Your goal -> Quote the records that follow in full, leaving the pictures out.

(Collected data entries)
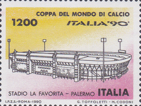 Diese Marke aus Italien (MiNr 2138) bildet das Stadio La Favorita in Palermo ab.
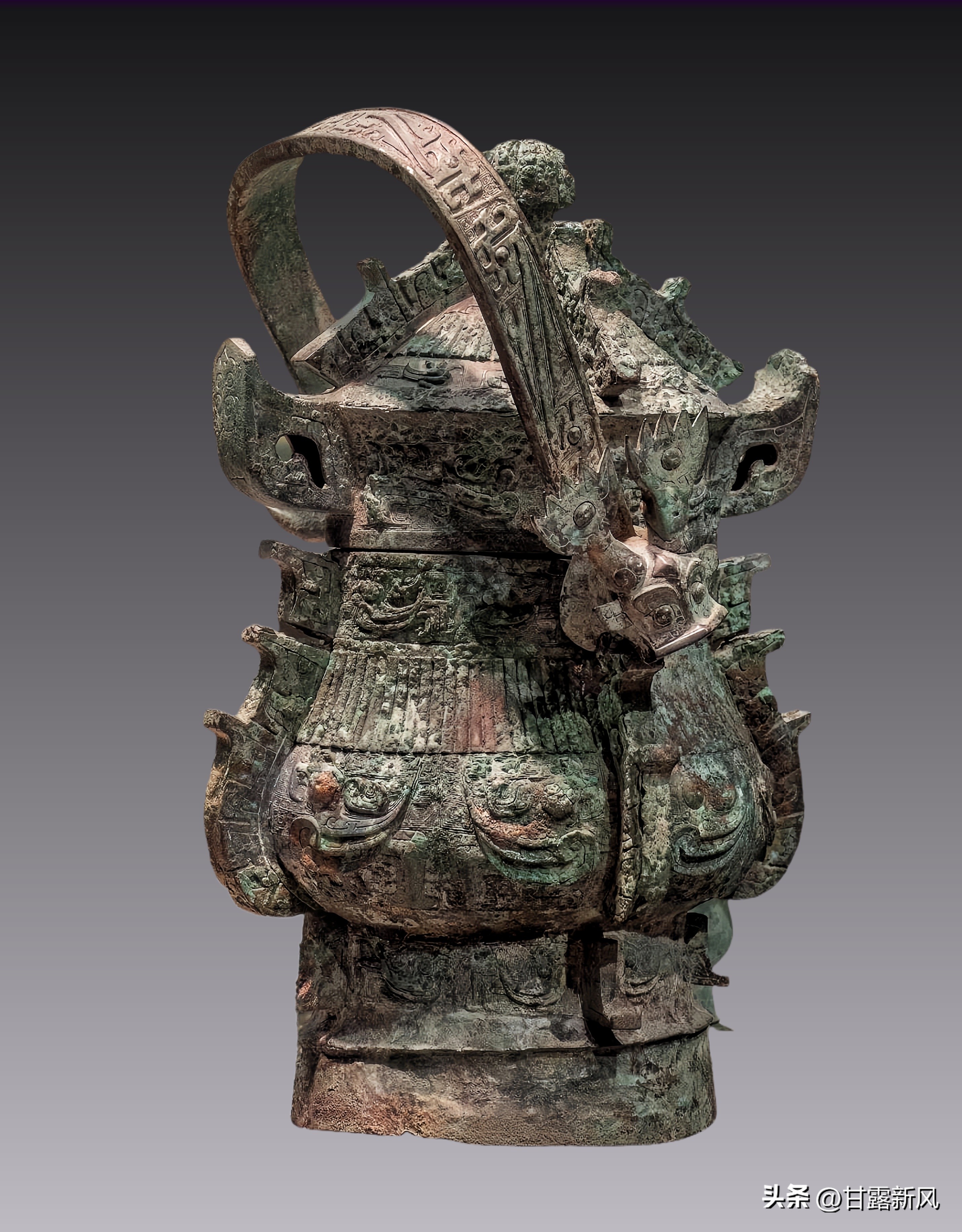 北宋耀州窑凤纹龙首提梁壶: 高21厘米 直径15.2厘米 萨缪尔·彼得斯1926年馈赠纽约 大都会博物馆 。 耀州窑凤纹龙首提梁壶器形独特,近乎圆球状的壶身由三个兽首状的壶足支撑着,但微微向着壶嘴的方向倾斜。壶嘴是雕刻的龙首,龙身由龙首后面向上拱起,跨过壶口在壶身的另一边贴塑在壶身上,形成一个圆弧形的提梁,上面骑坐着一个可能是驾驭祥龙的仙人。壶身四周用娴熟的刻、剔技巧装饰出振翅飞翔的凤凰和花卉纹样,设计繁复却井然有序。壶身除了壶底之外,通身施以匀而薄的一层青釉,深刻和剔划处呈现深青色,而凸起处呈淡绿色,整个器物无论在造型、纹样和釉色上都精美无比,交相辉映,设计独特,工艺精湛。
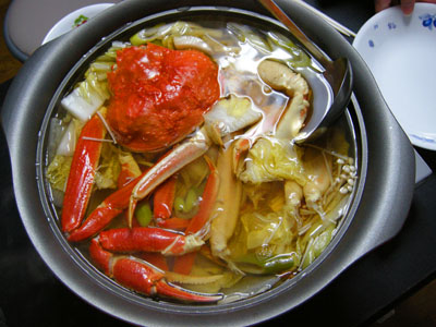 なんとカニをおすそわけいただき、 カニ鍋フェスティバルを催すことができました。 おすそわけって、すそどころか、ど真ん中です。 白菜(いただきました)とだいこんとの相性抜群で、 勢いあまり、口内を火傷。
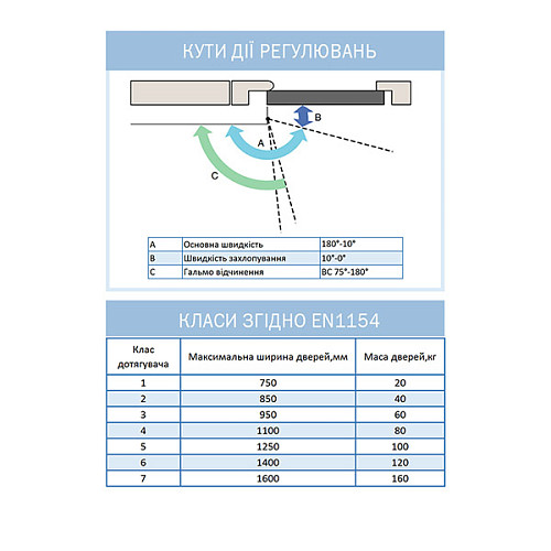 Після чого потрібно визначити ширину і вагу дверного полотна, з яким він буде працювати, та де він буде встановлений - на вулиці чи в приміщенні. Це є важливим при виборі. Також потрібно розуміти яка буде прохідність людей (іншими словами - як часто двері будуть відчинятись). Зрозуміло що чим більші ці значення, тим сильніший і надійніший дотягувач Вам потрібен.
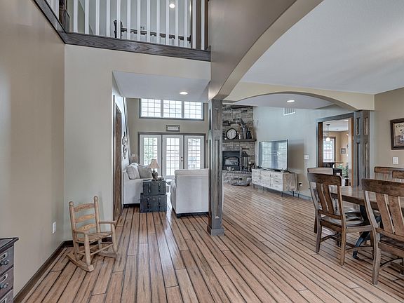 Nestled away in one of the nicest communities in Joplin, this magnificent 6 year old custom built 5 bed/4 bath luxury home invites you inside with an expansive open living space that features a beautiful 2-story brick and stone fireplace, custom wood flooring and trim, 18-foot walls and an abundance of natural light. The upscale kitchen boasts stylish custom cabinetry and granite, a large island, a gas range, a walk-in pantry, and a highly functional and attractive locker area. The master suite includes a large bedroom, his and her vanities, shower, tub and huge walk-in closet. Upstairs are four spacious bedrooms, a massive bonus room and two full bedrooms. The corner lot is adorned by exquisite landscaping and a custom built privacy fence. The property also features a tankless water heater, separate HVAC units for each floor and is located close to Joplin's best dining, shopping and healthcare venues. With a full price offer, the following amenities also convey: an elaborate security system with three cameras, two smart thermostats, washer and dryer, refrigerator and five storage cabinets in the garage. Owner/agent.
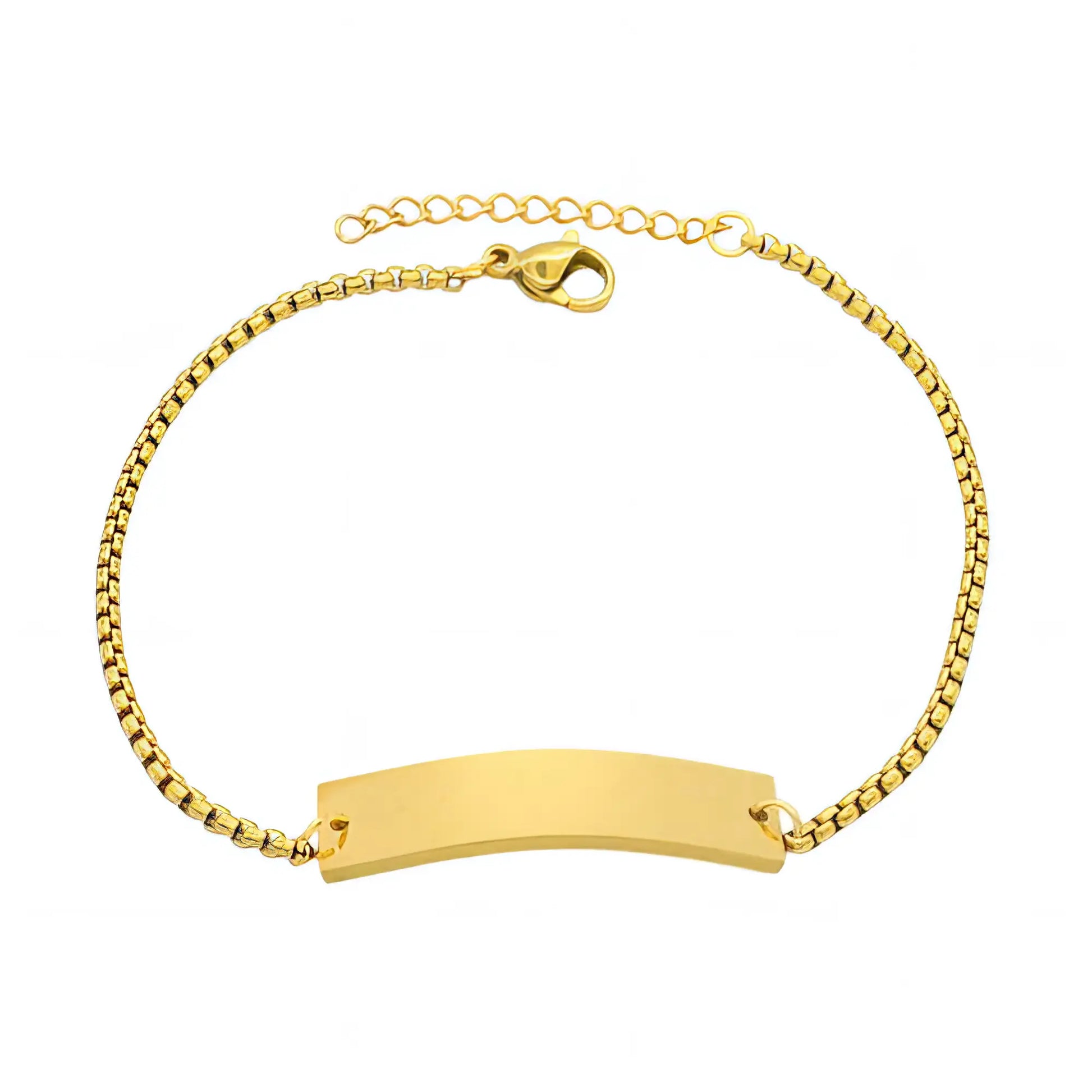 Κλασικό και διαχρονικό βραχιόλι με λεία πλάκα, ιδανικό για προσωποποιημένες χαράξεις ή για ένα καθαρό, minimal look.

Output of the task ->
 Diese Marke aus Italien (MiNr 2138) bildet das Stadio La Favorita in Palermo ab.
 北宋耀州窑凤纹龙首提梁壶: 高21厘米 直径15.2厘米 萨缪尔·彼得斯1926年馈赠纽约 大都会博物馆 。 耀州窑凤纹龙首提梁壶器形独特,近乎圆球状的壶身由三个兽首状的壶足支撑着,但微微向着壶嘴的方向倾斜。壶嘴是雕刻的龙首,龙身由龙首后面向上拱起,跨过壶口在壶身的另一边贴塑在壶身上,形成一个圆弧形的提梁,上面骑坐着一个可能是驾驭祥龙的仙人。壶身四周用娴熟的刻、剔技巧装饰出振翅飞翔的凤凰和花卉纹样,设计繁复却井然有序。壶身除了壶底之外,通身施以匀而薄的一层青釉,深刻和剔划处呈现深青色,而凸起处呈淡绿色,整个器物无论在造型、纹样和釉色上都精美无比,交相辉映,设计独特,工艺精湛。
 なんとカニをおすそわけいただき、 カニ鍋フェスティバルを催すことができました。 おすそわけって、すそどころか、ど真ん中です。 白菜(いただきました)とだいこんとの相性抜群で、 勢いあまり、口内を火傷。
 Після чого потрібно визначити ширину і вагу дверного полотна, з яким він буде працювати, та де він буде встановлений - на вулиці чи в приміщенні. Це є важливим при виборі. Також потрібно розуміти яка буде прохідність людей (іншими словами - як часто двері будуть відчинятись). Зрозуміло що чим більші ці значення, тим сильніший і надійніший дотягувач Вам потрібен.
 Nestled away in one of the nicest communities in Joplin, this magnificent 6 year old custom built 5 bed/4 bath luxury home invites you inside with an expansive open living space that features a beautiful 2-story brick and stone fireplace, custom wood flooring and trim, 18-foot walls and an abundance of natural light. The upscale kitchen boasts stylish custom cabinetry and granite, a large island, a gas range, a walk-in pantry, and a highly functional and attractive locker area. The master suite includes a large bedroom, his and her vanities, shower, tub and huge walk-in closet. Upstairs are four spacious bedrooms, a massive bonus room and two full bedrooms. The corner lot is adorned by exquisite landscaping and a custom built privacy fence. The property also features a tankless water heater, separate HVAC units for each floor and is located close to Joplin's best dining, shopping and healthcare venues. With a full price offer, the following amenities also convey: an elaborate security system with three cameras, two smart thermostats, washer and dryer, refrigerator and five storage cabinets in the garage. Owner/agent.
 Κλασικό και διαχρονικό βραχιόλι με λεία πλάκα, ιδανικό για προσωποποιημένες χαράξεις ή για ένα καθαρό, minimal look.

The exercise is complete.